Another important point mentioned is the explosion of Internet connections, 10 billion in 2018, to reach 64 billion by 2025 and “many trillions by 2040”. Along with “new efficiencies, conveniences and advances in living standards”, the danger would be to divide society over their assumed ‘core values’ and deepen the societal divide based on national, religious, cultural and political preferences. India has already seen the pernicious effect of this Internet explosion. As a result, the world is both “inextricably bound by connectivity” and “fragmenting in different directions”.

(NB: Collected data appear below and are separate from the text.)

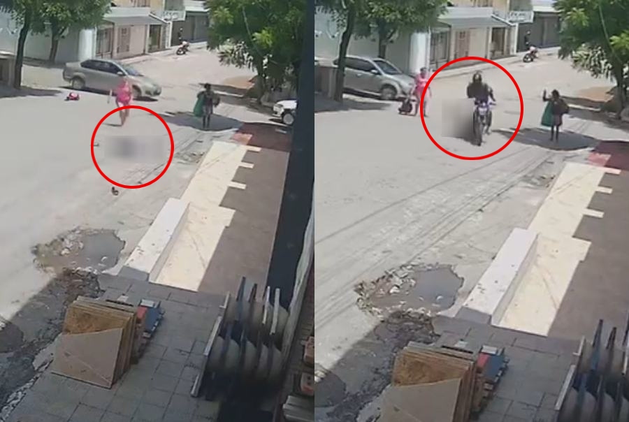 Uma criança foi atropelada e arrastada por um motociclista ao atravessar correndo uma rua, no município de Canindé, no interior do Ceará. O acidente foi registrado por câmeras de monitoramento. O caso aconteceu no final da manhã de quarta-feira (23).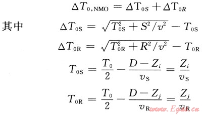 式中△TS和△TR為炮、檢點(diǎn)正常時差;S、R為炮點(diǎn)和檢波點(diǎn)到CMP點(diǎn)水平距離;口為動校正速度;T0C為CMP點(diǎn)的丁T0時間;T0為基準(zhǔn)面時間。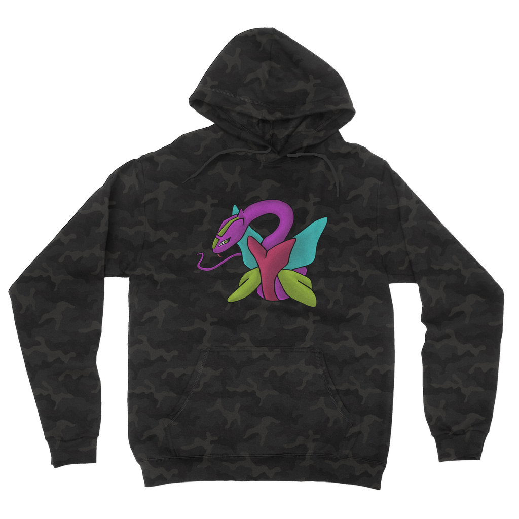Rengitsu Camouflage Adult Hoodie featuring an all-over camo design, double fabric hood, and kangaroo pouch pocket.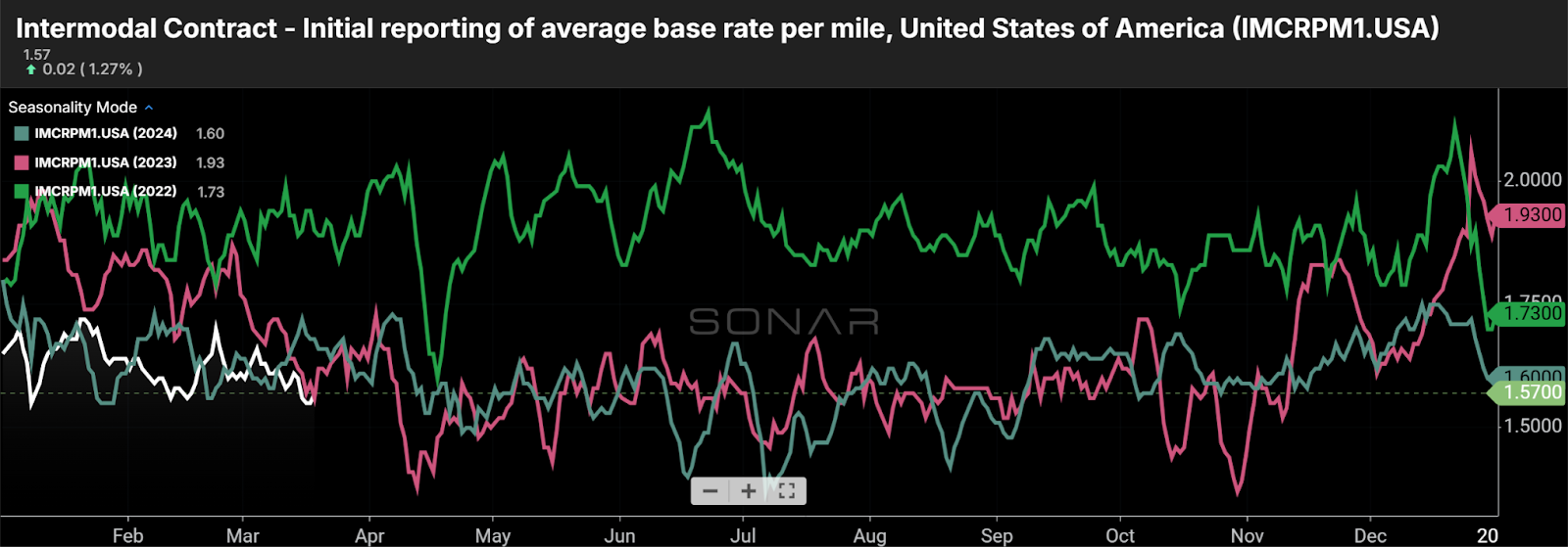 Domestic intermodal contract rates in SONAR have not moved much in the first quarter, apparently held back by excess capacity (a proxy of which is available 53-foot containers) and competition from truckload. A large portion of the contracts between shippers and domestic intermodal carriers are renewed in the first quarter. That makes the IMCRPM1.USA dataset (chart above), which is an aggregation of intermodal contract rates excluding fuel surcharges, one to watch. It’s worth noting that there is choppiness in that dataset week to week due to mix. Year to date, the data shows average intermodal rates 1.5% below last year. That’s a fairly insignificant change that could be driven just by the mix of transactions processed in the database, and also shows a lack of rate increases in the quarter.
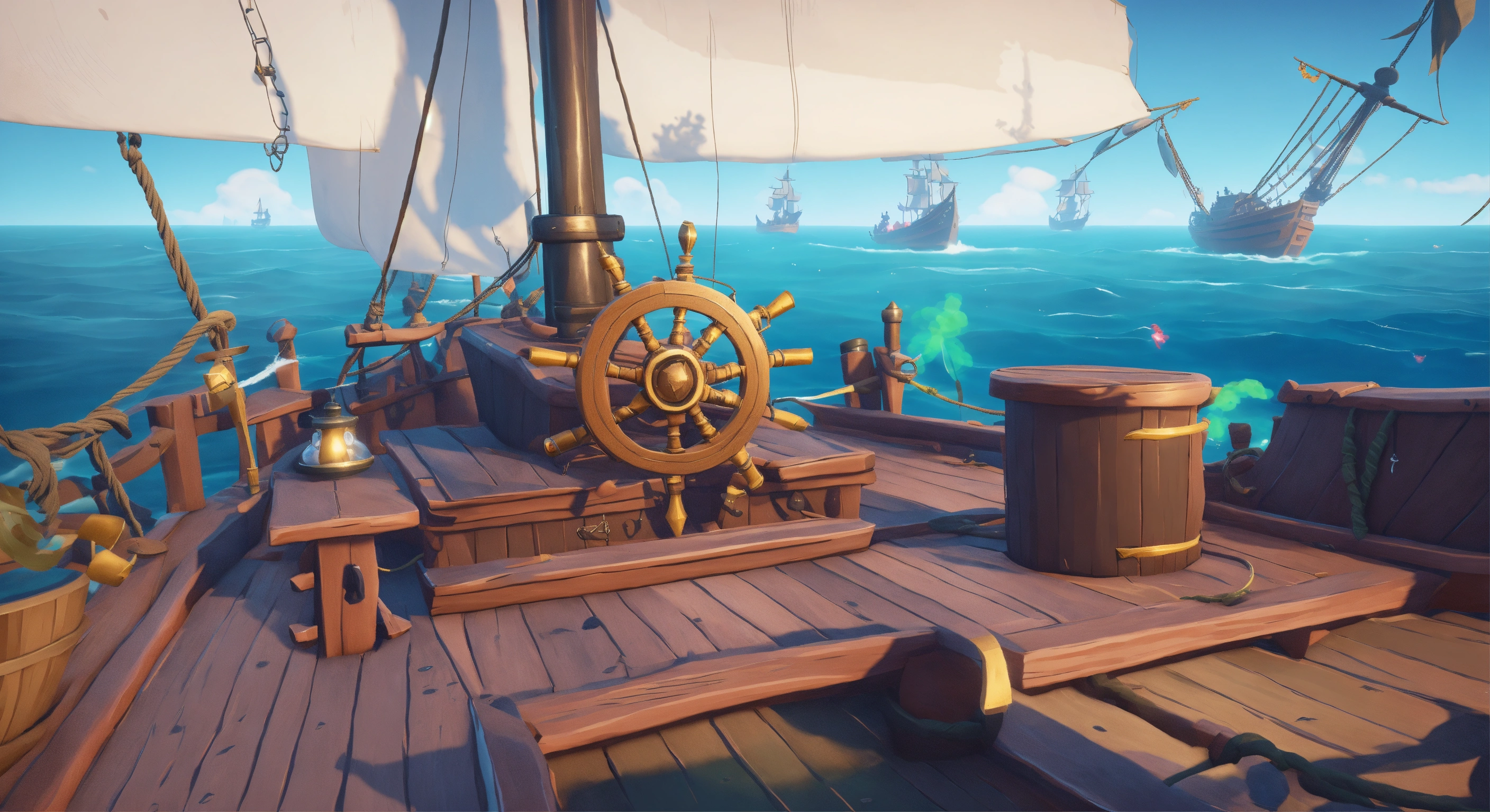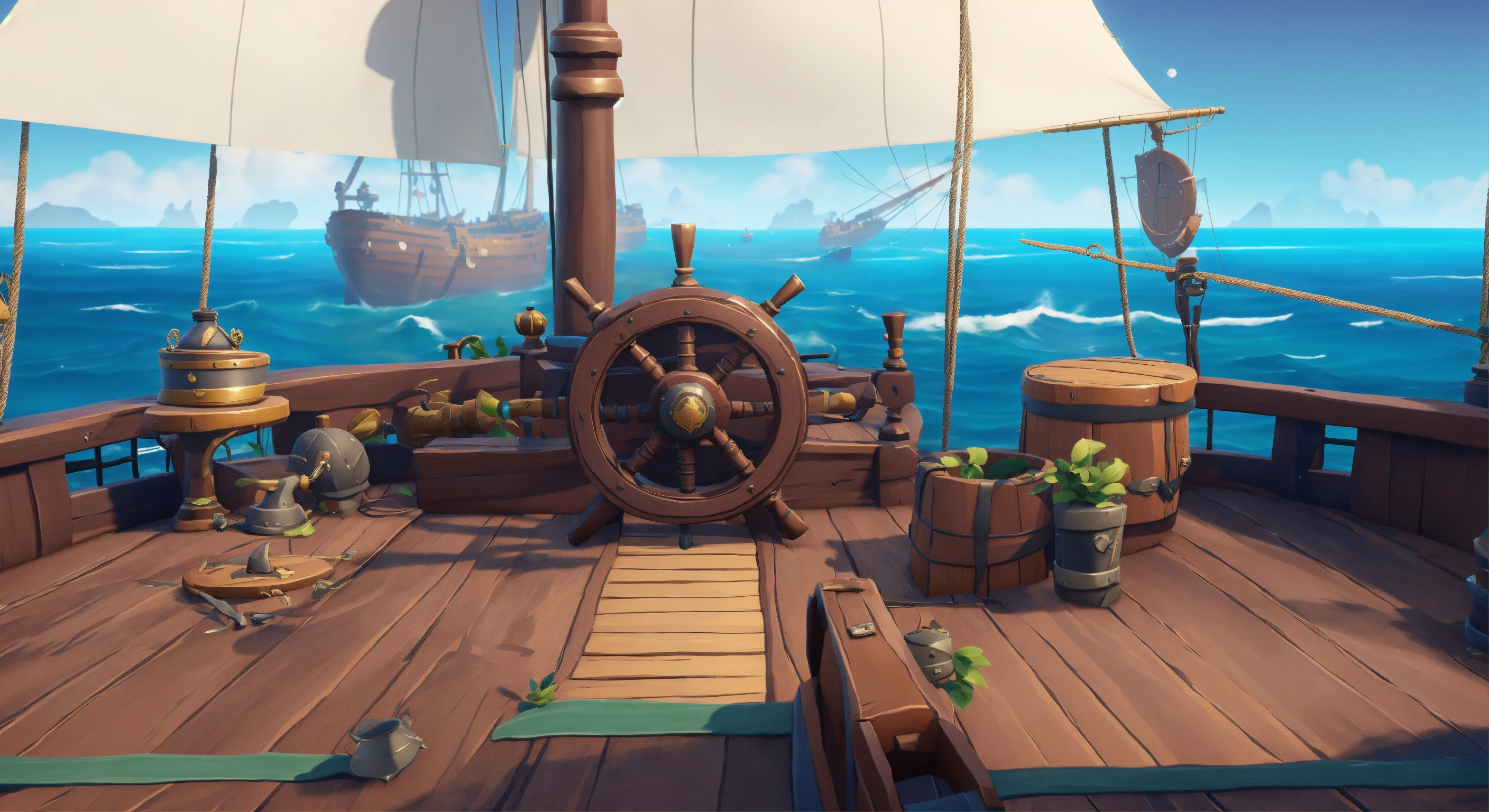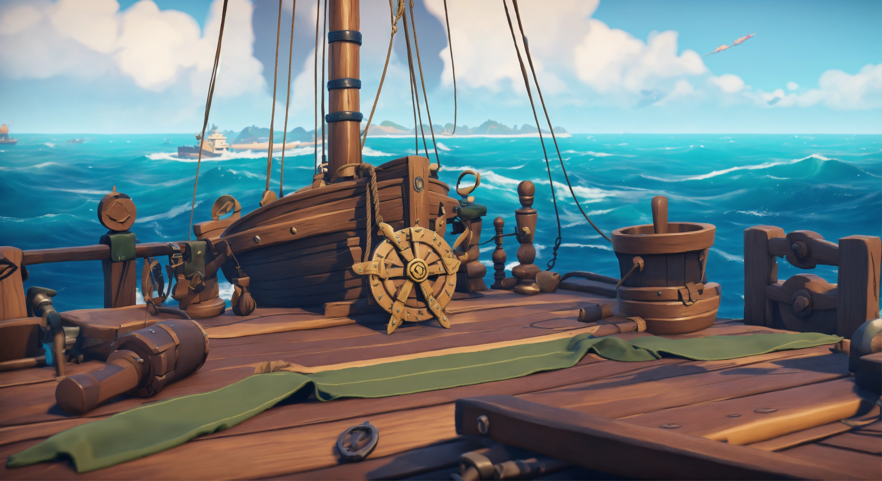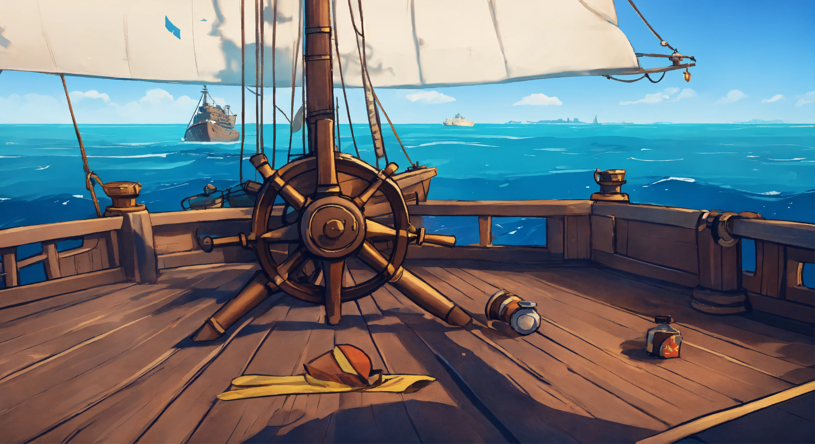 Ship deck with rudder, on the background sea and tiny islands, detailed hand illustration rendered in sea of thieves game style, cute cartoon style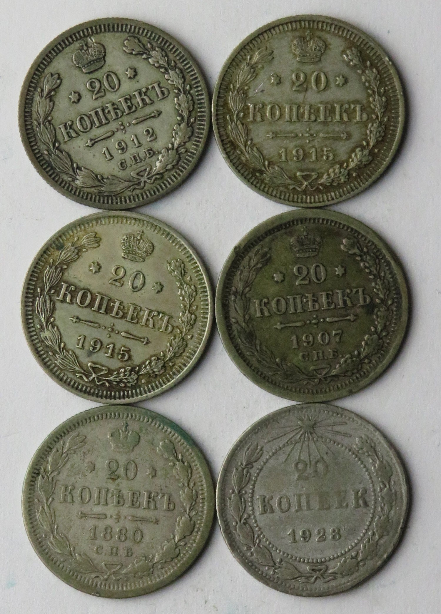 Lot 6 x Rosja 20 kopiejek, srebro, różne roczniki

The estimate finds that by 2040 individual states would find mounting internal pressure to satisfy a more empowered population while internationally the world would be ‘adrift’ with no single state emerging to dominate across all regions. The US and China will dominate others to influence global dynamics, which would force other states to accept ‘starker choices’. The world would be fragmented into several economic and security blocs of varying sizes and strength, increasing state-to-state conflicts.
Lastly, by 2040, China would be the most significant rival to the US in space, competing in commercial, civil and military areas. China will continue to develop in these areas independent of the US and Europe and will choose its own set of foreign partners participating in Chinese-led space activities. “Chinese space services, such as the Beidou satellite navigation system, will be in use around the world as an alternative to Western options,” the report says.